Let us start with a simple C program as our guiding example, and have a look at each step of the backend lowering after running the entire middle-end optimization pipeline, all the way up to the final assembly.
#define N 64
void matmul(const float *restrict x, const float *restrict y,
float *restrict res) {
for (int i = 0; i < N; ++i)
for (int j = 0; j < N; ++j)
for (int k = 0; k < N; ++k)
res[N * i + j] += x[N * i + k] * y[N * k + j];
}
First, we run the front-end, and the full middle-end optimization pipeline to obtain the optimized LLVM IR that's handed off to the backend. Running clang --target=riscv64 -march=rv64gc -O3 -emit-llvm -S emits:
define void @matmul(ptr noalias %x, ptr noalias %y, ptr noalias %res) {
entry:
br label %ph
ph:
%iv.outer = phi i64 [ 0, %entry ], [ %iv.outer.next, %common.exit ]

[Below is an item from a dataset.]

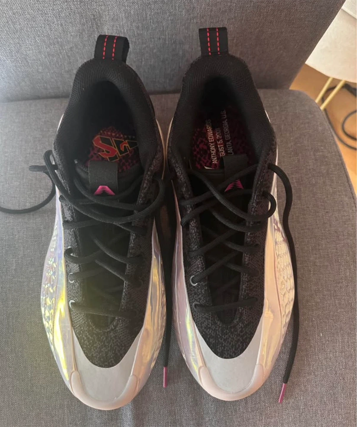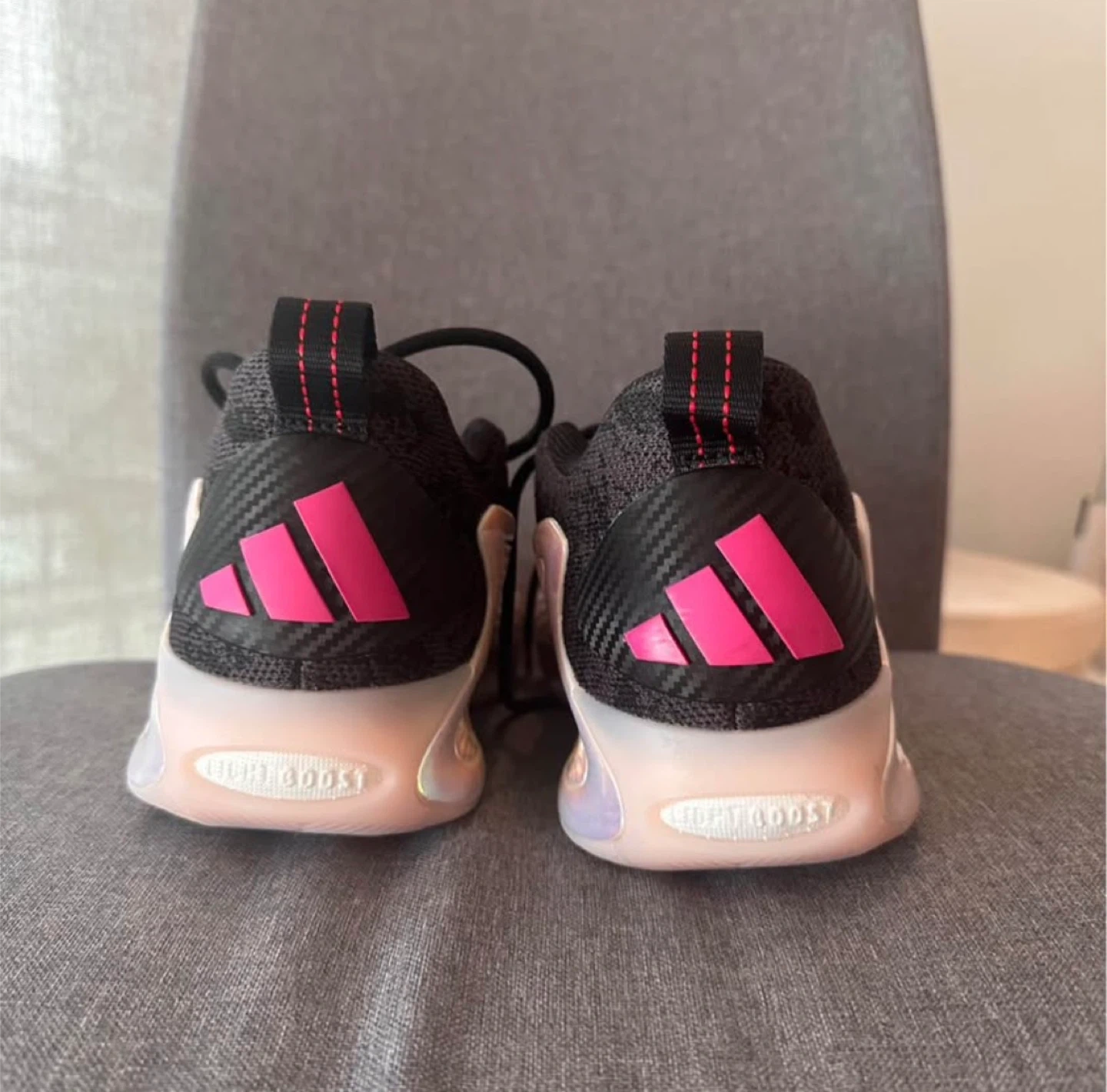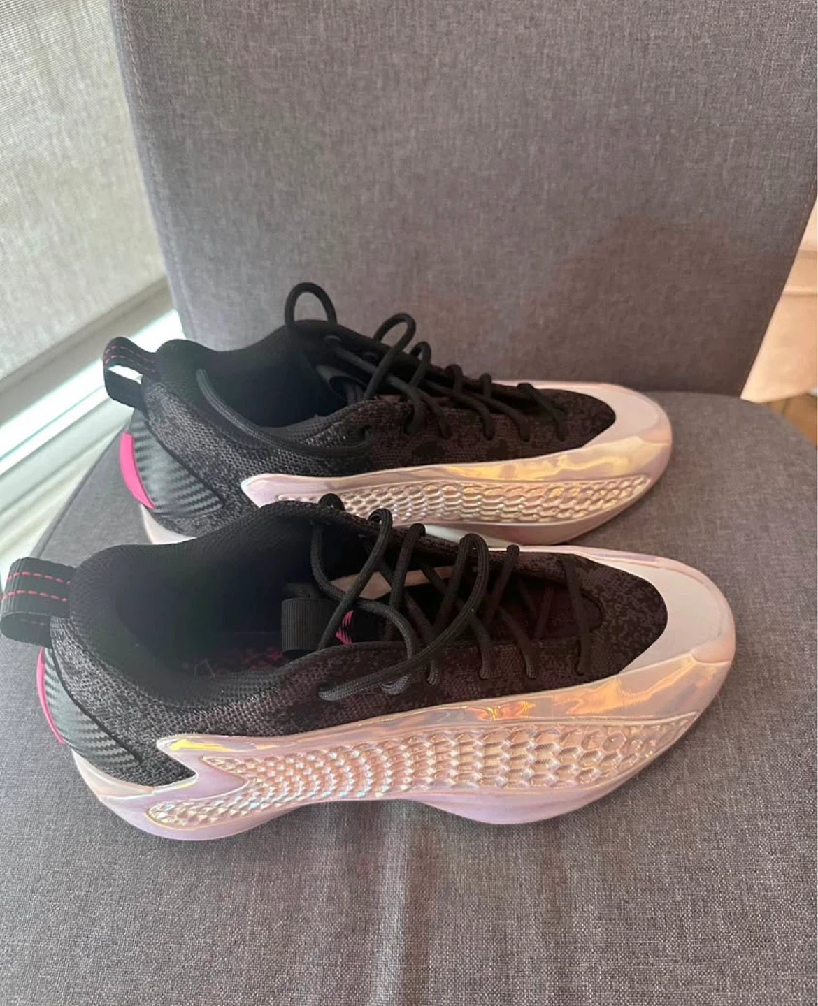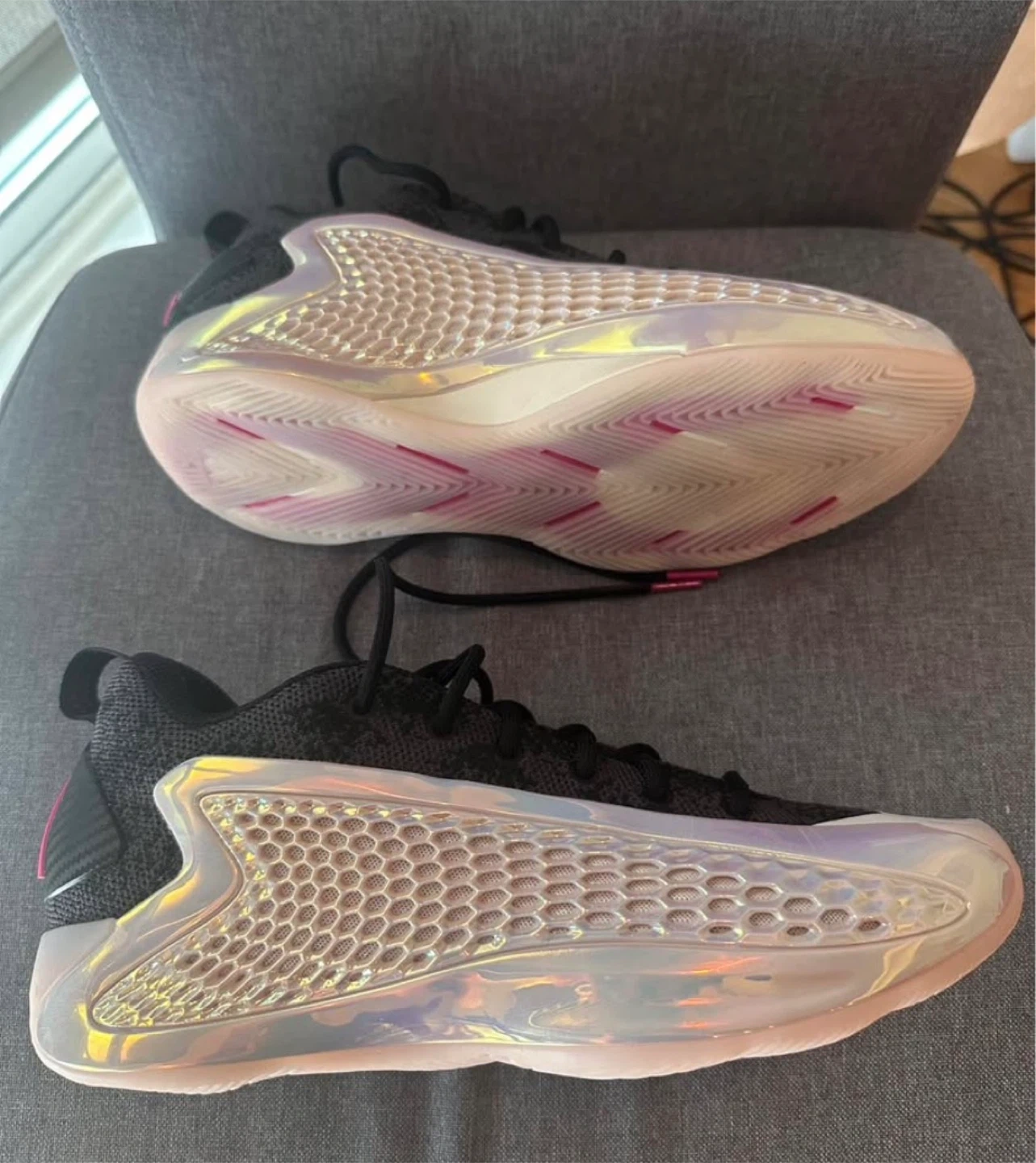 These Adidas basketball shoes feature ae 1 sole for excellent cushioning. They have a black knit upper with iridescent detailing and pink accents. The outsole shows a dynamic tread pattern.

%shl = shl nuw nsw i64 %iv.outer, 6
br label %common.ph
exit:
ret void
common.ph:
%iv.middle = phi i64 [ 0, %ph ], [ %iv.middle.next, %inner.loop.exit ]
%or = or disjoint i64 %iv.middle, %shl
%gep.res = getelementptr inbounds float, ptr %res, i64 %or
%load.res = load float, ptr %gep.res
%gep.y = getelementptr float, ptr %y, i64 %iv.middle
br label %inner.loop
common.exit:
%iv.outer.next = add nuw nsw i64 %iv.outer, 1
%exit.cond.outer = icmp eq i64 %iv.outer.next, 64
br i1 %exit.cond.outer, label %exit, label %ph
inner.loop.exit:
store float %conv.next, ptr %gep.res
iv.middle.next = add nuw nsw i64 %iv.middle, 1
%exit.cond.middle = icmp eq i64 %iv.middle.next, 64
br i1 %exit.cond.middle, label %common.exit, label %common.ph
inner.loop:
%iv = phi i64 [ 0, %common.ph ], [ %iv.next, %inner.loop ]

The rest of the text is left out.